Problem details »
Below this line are records; transcribe exactly the lines between the one holding "위와 같은 방법으로 줌 회의 비번, 암호 변경이 가능한데" and the one holding "广西大部、广东西部、云南西部", inclusive, and omit the pictures.

Extracted records »

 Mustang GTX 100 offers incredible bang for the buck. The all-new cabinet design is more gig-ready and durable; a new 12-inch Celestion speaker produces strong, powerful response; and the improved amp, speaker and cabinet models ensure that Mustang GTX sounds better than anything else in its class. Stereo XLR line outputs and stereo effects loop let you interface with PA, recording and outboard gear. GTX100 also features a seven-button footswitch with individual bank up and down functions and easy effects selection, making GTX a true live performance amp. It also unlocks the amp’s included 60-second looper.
==
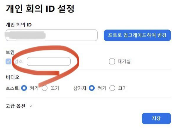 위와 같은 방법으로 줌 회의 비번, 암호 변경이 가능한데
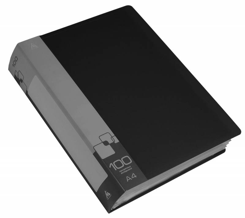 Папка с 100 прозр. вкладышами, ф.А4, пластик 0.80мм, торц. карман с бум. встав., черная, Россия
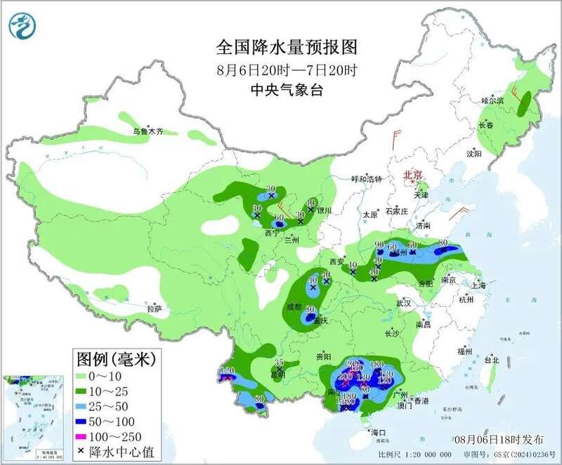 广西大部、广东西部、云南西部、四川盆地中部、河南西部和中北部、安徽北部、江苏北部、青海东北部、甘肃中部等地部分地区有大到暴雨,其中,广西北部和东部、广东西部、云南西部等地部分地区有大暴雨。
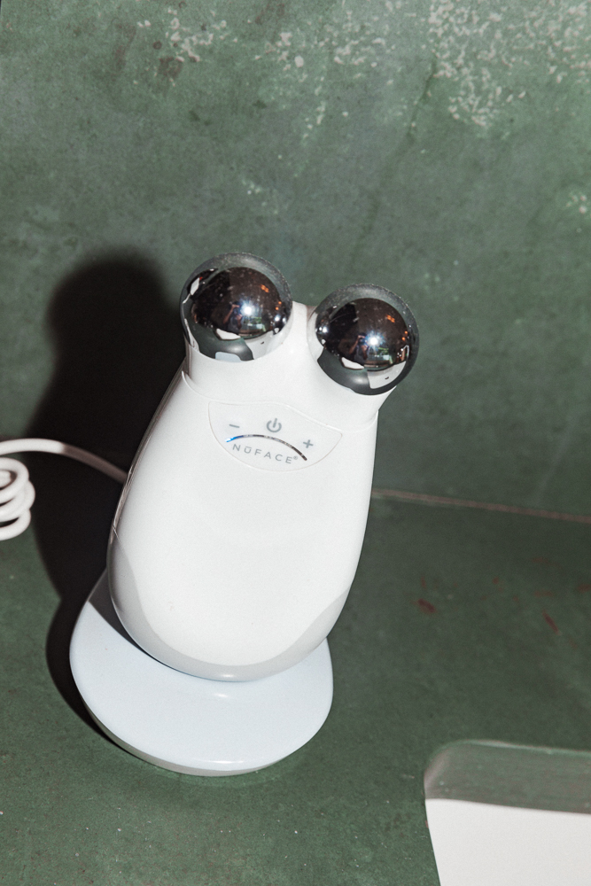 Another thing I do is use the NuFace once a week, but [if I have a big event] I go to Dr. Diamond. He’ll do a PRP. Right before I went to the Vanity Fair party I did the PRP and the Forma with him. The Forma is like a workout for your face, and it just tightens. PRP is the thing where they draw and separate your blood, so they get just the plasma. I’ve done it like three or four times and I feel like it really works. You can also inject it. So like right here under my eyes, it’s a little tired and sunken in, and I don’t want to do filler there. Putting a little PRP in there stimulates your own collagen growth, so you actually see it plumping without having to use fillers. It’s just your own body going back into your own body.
...
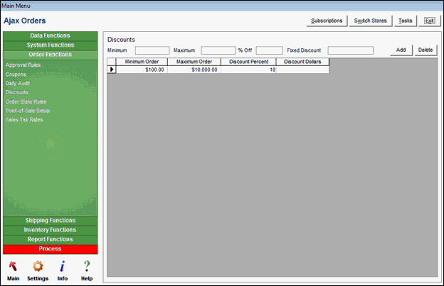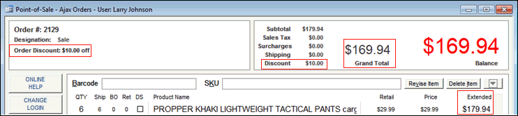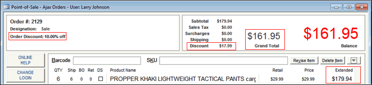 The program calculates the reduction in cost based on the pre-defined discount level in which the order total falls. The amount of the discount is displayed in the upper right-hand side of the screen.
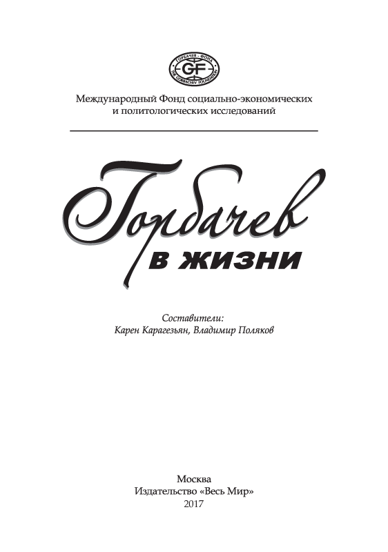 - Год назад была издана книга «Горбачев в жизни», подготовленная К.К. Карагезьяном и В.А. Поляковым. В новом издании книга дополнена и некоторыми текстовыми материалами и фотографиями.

Solved problem »
 위와 같은 방법으로 줌 회의 비번, 암호 변경이 가능한데
 Папка с 100 прозр. вкладышами, ф.А4, пластик 0.80мм, торц. карман с бум. встав., черная, Россия
 广西大部、广东西部、云南西部、四川盆地中部、河南西部和中北部、安徽北部、江苏北部、青海东北部、甘肃中部等地部分地区有大到暴雨,其中,广西北部和东部、广东西部、云南西部等地部分地区有大暴雨。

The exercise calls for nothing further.